The electric vehicle industry has also been plagued by the issue of chip shortages for a period of time. Due to the imbalance between demand and supply and the impact of the epidemic, especially the severe epidemic in Southeast Asia, that accounts for 27% of the global semiconductor packaging and testing industry, the production capacity of automotive chips is unable to keep up with the rising demand. This issue has led to a massive reduction in production in the global automotive industry.

According to the data provided by Auto Forecast Solutions (AFS), as of August 29, the global auto production has been reduced by 6.89 million. At the same time, AFS predicts that global automobile production will be reduced by 8.107 million units in 2021. The CEO of BMW expects that the chip shortage will last for another 6 to 12 months. Semiconductor giants such as TSMC, Samsung, and UMC have collectively set off a wave of price increases ranging from 10% to 20%.

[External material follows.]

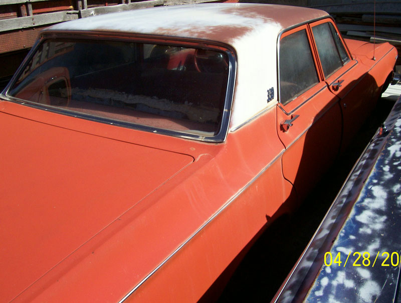 This red 1963 Dodge 330 4 door sedan is a former taxi cab ready to be restored. The body is straight and solid. There are a few small dents. The lower left quarter panel has a scrap. There is some rust in front of the right rear wheel at the bottom. All the trim is there. The glass is good. The red interior is all there except the radio is gone. There are speaker holes in the lower front doors. The floors and truck bottom are solid. There is a trailer hitch. The car has a 318 CID 230 HP V-8 and three speed manual transmission with column shift. The motor is complete and nothing has been removed or disconnected. The operating condition is unknown. Please call (406) 318-0270 for details about this restorable classic project car. For sale $3,000

In the past few years, the number of chips required in traditional vehicles is about 500 to 600 per vehicle. Due to the trends of clean energy and autonomous driving technology, the number of chips in each vehicle has been increased to 1200 to 1700. The MCU (micro control unit) chips, which control brakes, air conditioning, instrumentation, security, door locks and other systems, have experienced the most serious deficiency issue in the market.

Future Perspective and Industry Responses

The aforementioned three semiconductor companies recently announced that they will invest $137 billion to build new chip factories in the United States and European countries to expand their productivity.

Nevertheless, those new facilities won’t solve the issue in the short time. From the perspective of production capacity, it usually takes 2 years to build a chip factory and pass the AEC-Q100 certification. This round of chip shortages has also draw attention at the national level as many countries have realized the importance of owning an independent industrial chain, which will not be disturbed by the supply situation in other countries.

European Union will raise tens of billions of euros to promote the development of semiconductor-related technologies. The American Semiconductor Industry Association (SIA) also called on the congress to increase federal funding for the development of chips by $3.5 billion in the next five years.